• What is required
Copy the lines below exactly, starting at the one with "表彰式の音楽として馴染み深い" and ending at the one with "The device comes", and leave out any picture.

• Entries supplied
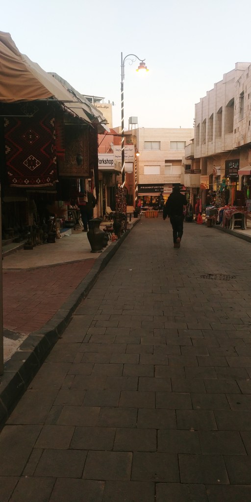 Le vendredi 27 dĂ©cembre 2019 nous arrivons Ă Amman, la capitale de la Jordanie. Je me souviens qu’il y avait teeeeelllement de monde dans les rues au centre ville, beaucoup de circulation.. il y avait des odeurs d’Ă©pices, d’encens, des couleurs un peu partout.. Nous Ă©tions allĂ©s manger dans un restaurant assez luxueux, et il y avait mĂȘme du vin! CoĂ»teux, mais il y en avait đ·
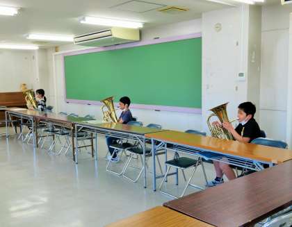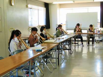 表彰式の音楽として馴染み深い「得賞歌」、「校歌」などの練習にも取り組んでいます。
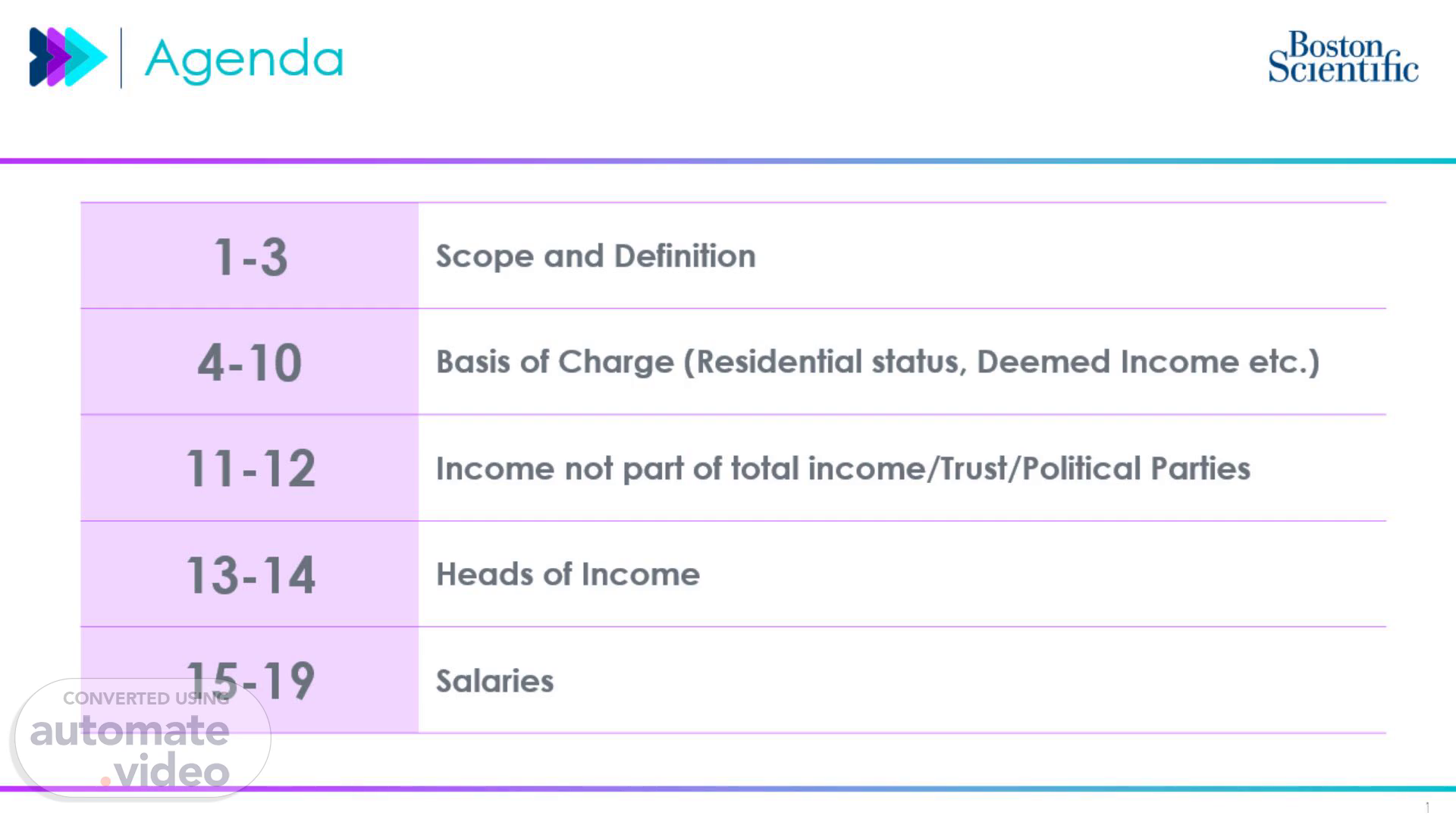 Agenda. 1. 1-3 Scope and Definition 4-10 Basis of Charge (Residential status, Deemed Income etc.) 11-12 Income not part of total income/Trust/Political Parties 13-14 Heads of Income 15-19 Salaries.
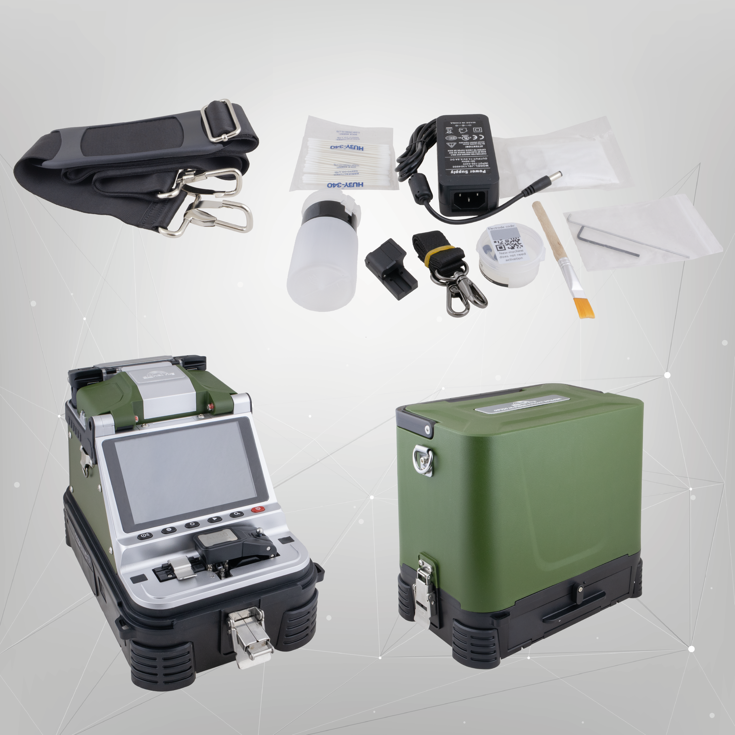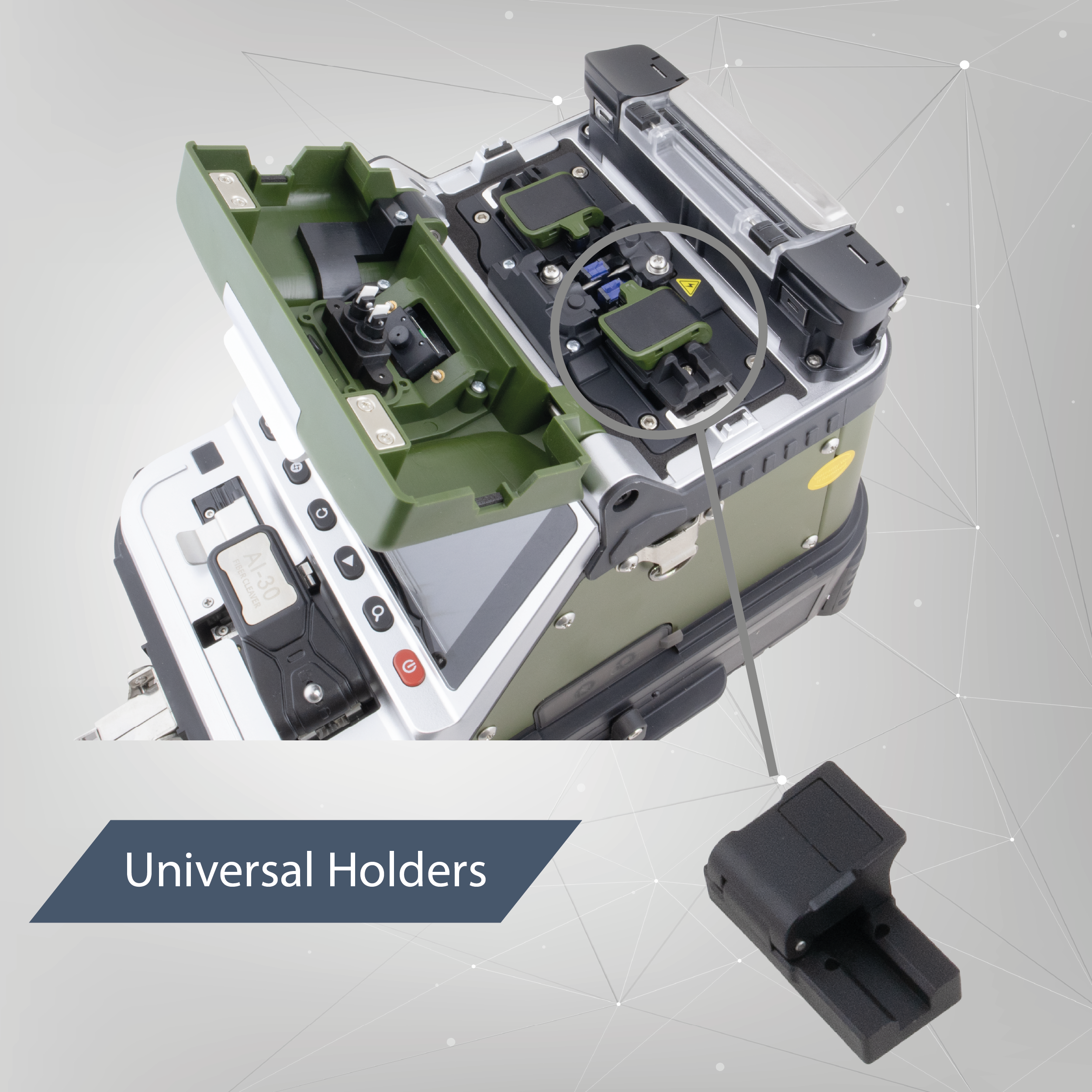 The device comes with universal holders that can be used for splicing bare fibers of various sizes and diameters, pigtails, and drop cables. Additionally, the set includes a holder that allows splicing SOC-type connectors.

---

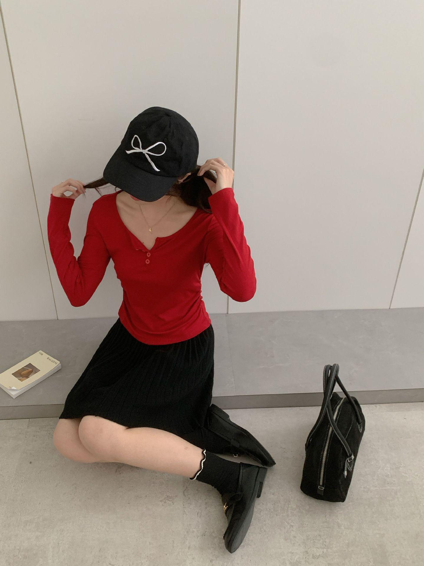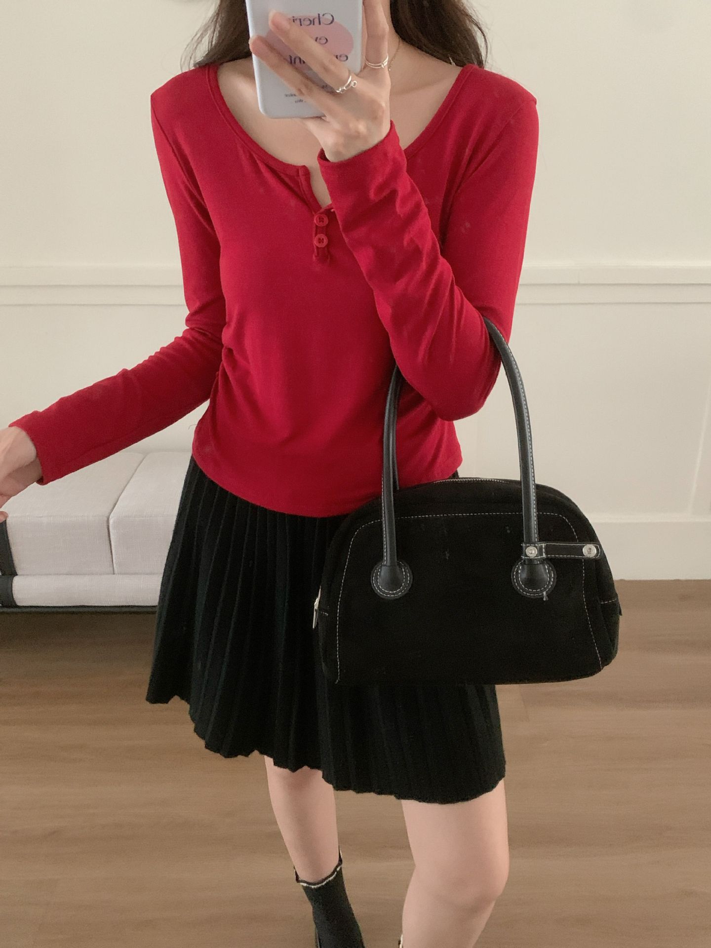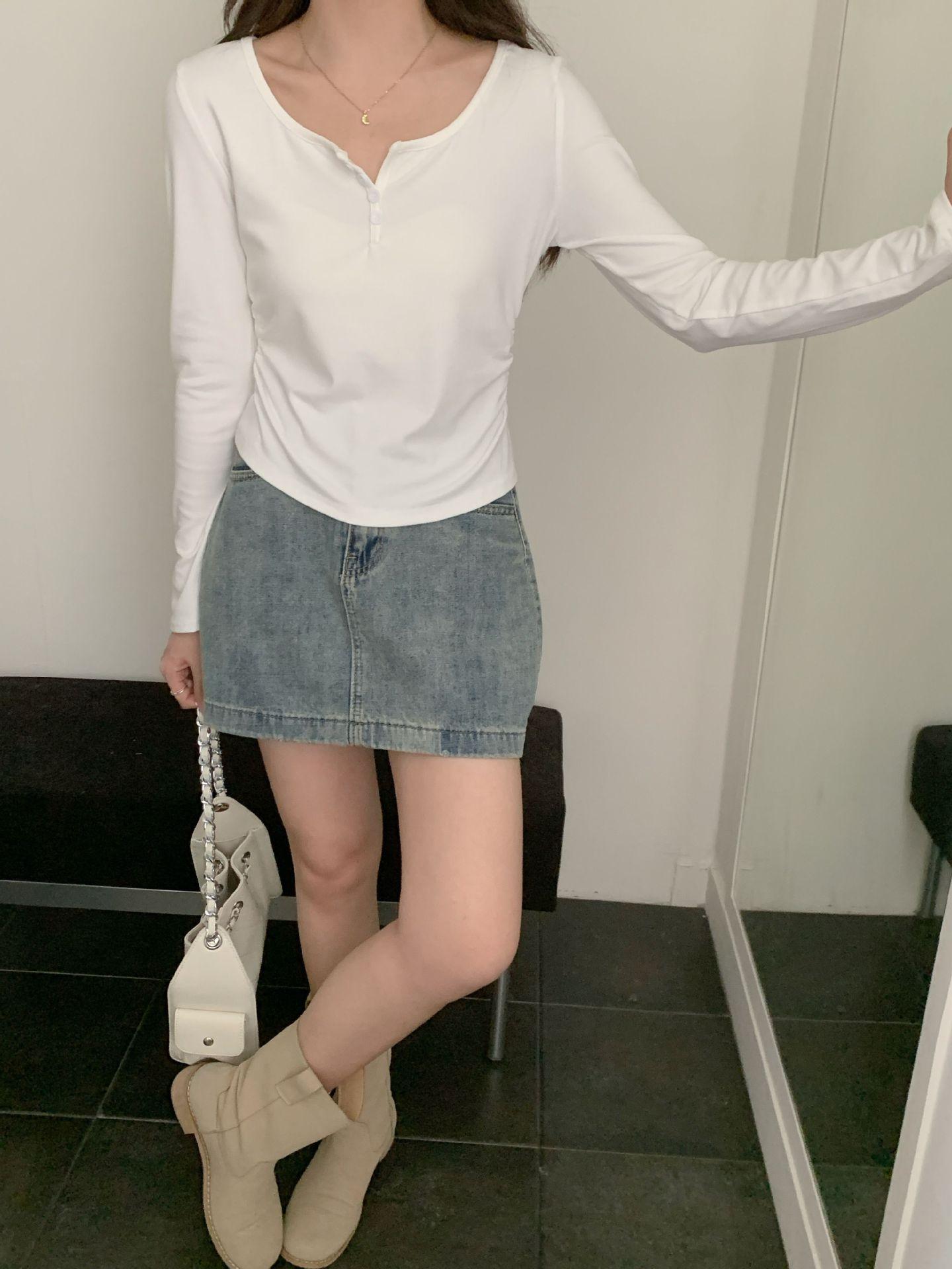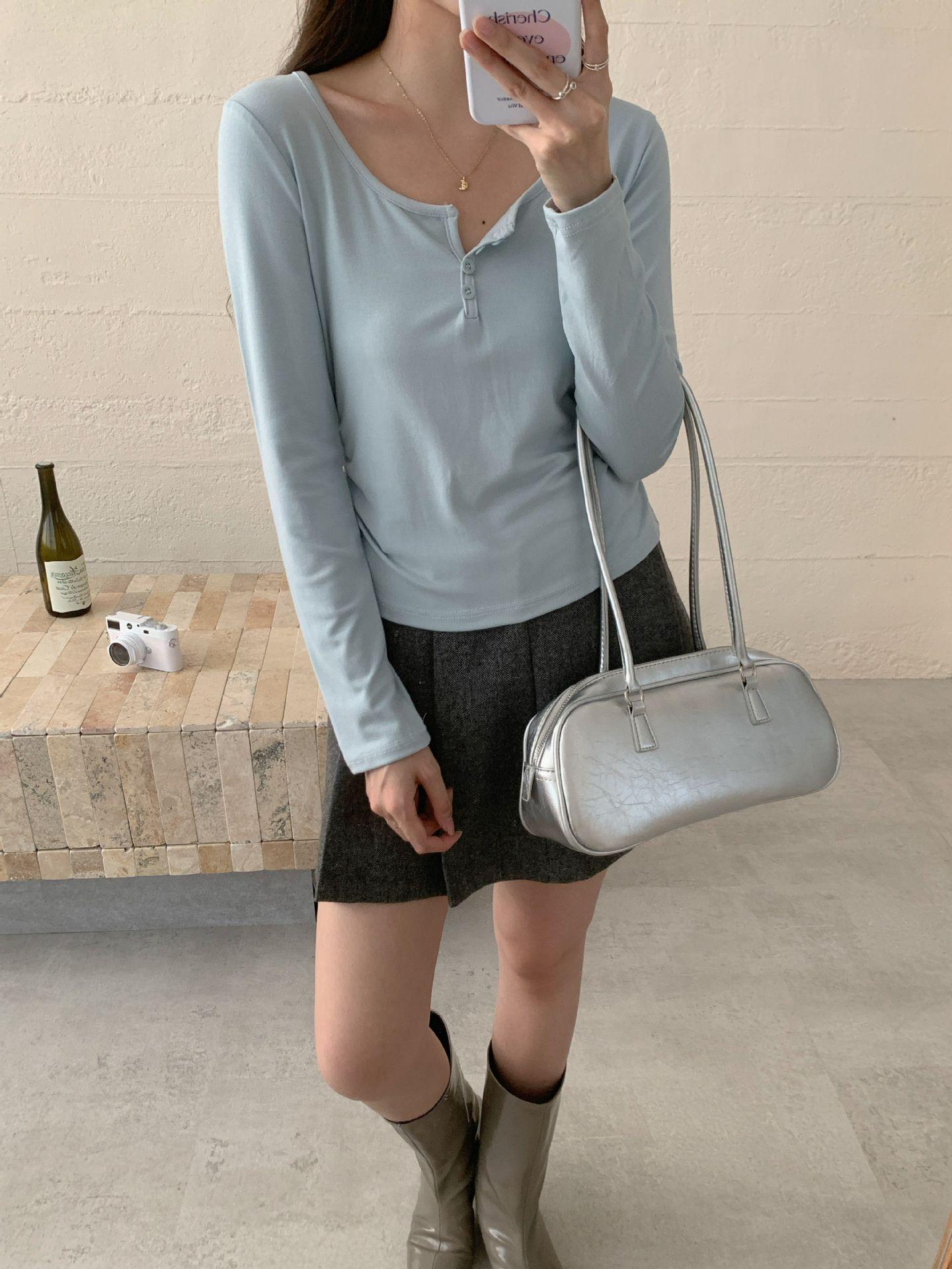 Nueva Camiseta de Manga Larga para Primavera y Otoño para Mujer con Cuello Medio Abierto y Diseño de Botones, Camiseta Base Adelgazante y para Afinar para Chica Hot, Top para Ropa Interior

• Response for this exercise
 表彰式の音楽として馴染み深い「得賞歌」、「校歌」などの練習にも取り組んでいます。
 Agenda. 1. 1-3 Scope and Definition 4-10 Basis of Charge (Residential status, Deemed Income etc.) 11-12 Income not part of total income/Trust/Political Parties 13-14 Heads of Income 15-19 Salaries.
 The device comes with universal holders that can be used for splicing bare fibers of various sizes and diameters, pigtails, and drop cables. Additionally, the set includes a holder that allows splicing SOC-type connectors.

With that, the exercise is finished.